The federal debt will therefore have jumped by $495 billion over the last four years.
Important aside: in defense of Justin Trudeau’s government, the big boom in the federal debt is attributable to the hundreds of billions of dollars that the federal government has injected into the pockets of millions of Canadian victims of COVID-19, in addition to providing relief tens of thousands of businesses financially during the damn COVID outbreak.
Despite the size of the federal debt, Minister Chrystia Freeland wants to reassure Canadians by suggesting that the debt has in no way reached a catastrophic level.

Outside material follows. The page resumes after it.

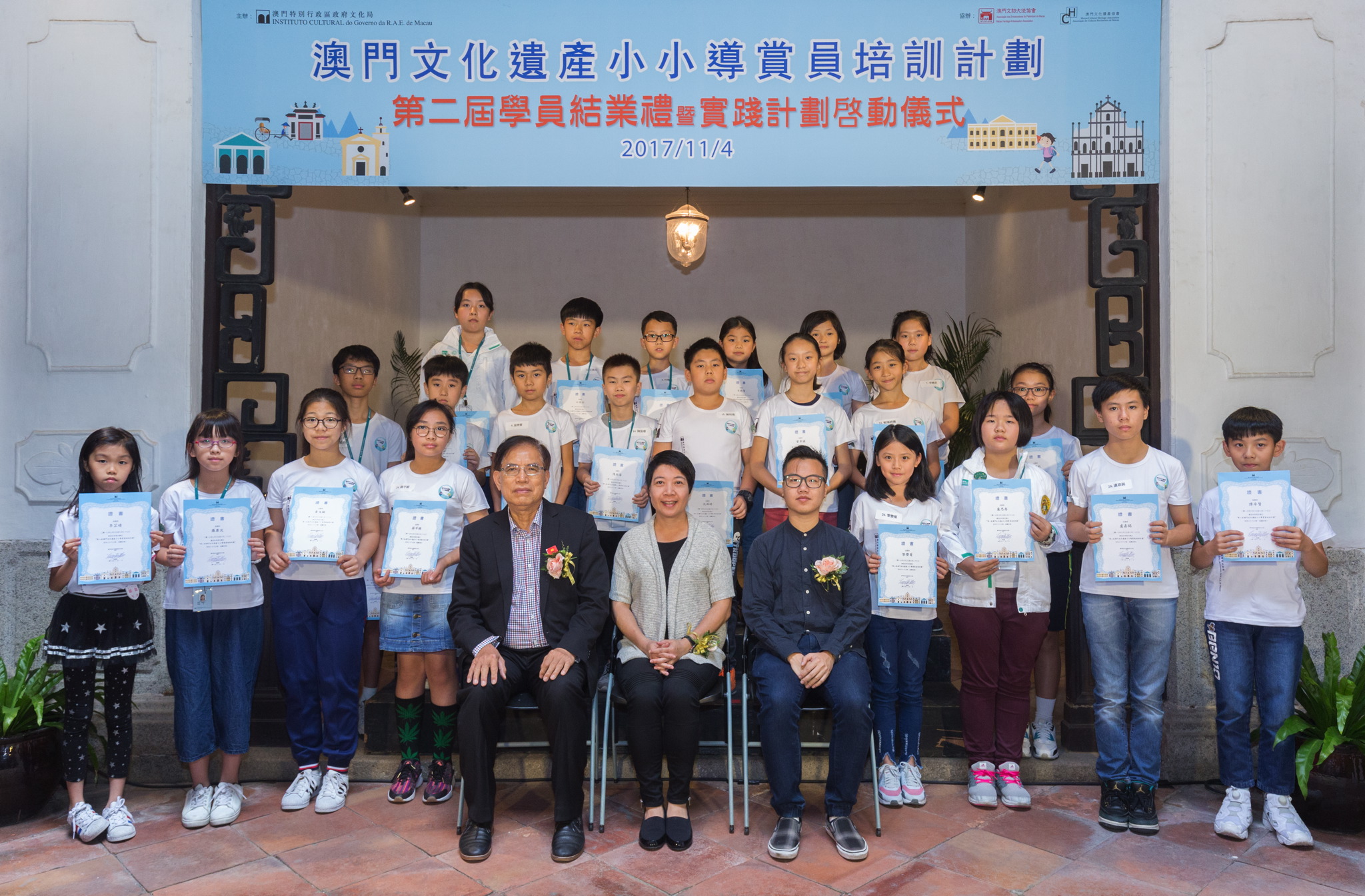由文化局主辦的“澳門文化遺產小小導賞員培訓計劃”日前(十一月四日)於鄭家大屋順利舉行第二屆學員結業禮暨實踐計劃啓動儀式。一眾嘉賓、學員及家長共同見證是次計劃的成果,現場氣氛熱烈,濟濟一堂。出席嘉賓包括文化局文化遺產廳廳長梁惠敏、澳門文物大使協會會長廖嘉豪、澳門文化遺產協會項目主任李雪芬、資深歷史學者鄭國強及資深歷史學者陳樹榮。

As a percentage, the federal debt will amount to 42.4% of Canada’s nominal GDP. This places Canada in a good position compared to other major industrialized countries.
- Listen to the economy segment with Michel Girard via QUB radio :
EXPLOSION OF INTEREST CHARGES
Who says heavy debt, says heavy interest costs.
The federal government may well finance itself at rates that are significantly lower than that of ordinary borrowers and businesses, but the fact remains that the interest costs of its debt service have literally exploded since the key rate of the Bank of Canada went from 0.5% (in March 2022) to 5.0% today.
Federal public debt charges will represent a total bill of $266 billion for the five budget years from the current (2023-24) to 2027-28. This is 31 billion more in interest costs than the amount of costs forecast by Minister Freeland last March.
Archive photo, AFP
In the 2021-22 fiscal year, just before the surge in interest rates, federal public debt charges amounted to $24.9 billion.
In this budget year 2023-24, they will reach 46.5 billion. And in 2027-28, federal debt charges are expected to exceed $58 billion.
When it turns out that interest costs alone take up a little more than 10% of the federal government’s total spending, it borders on a waste of public funds.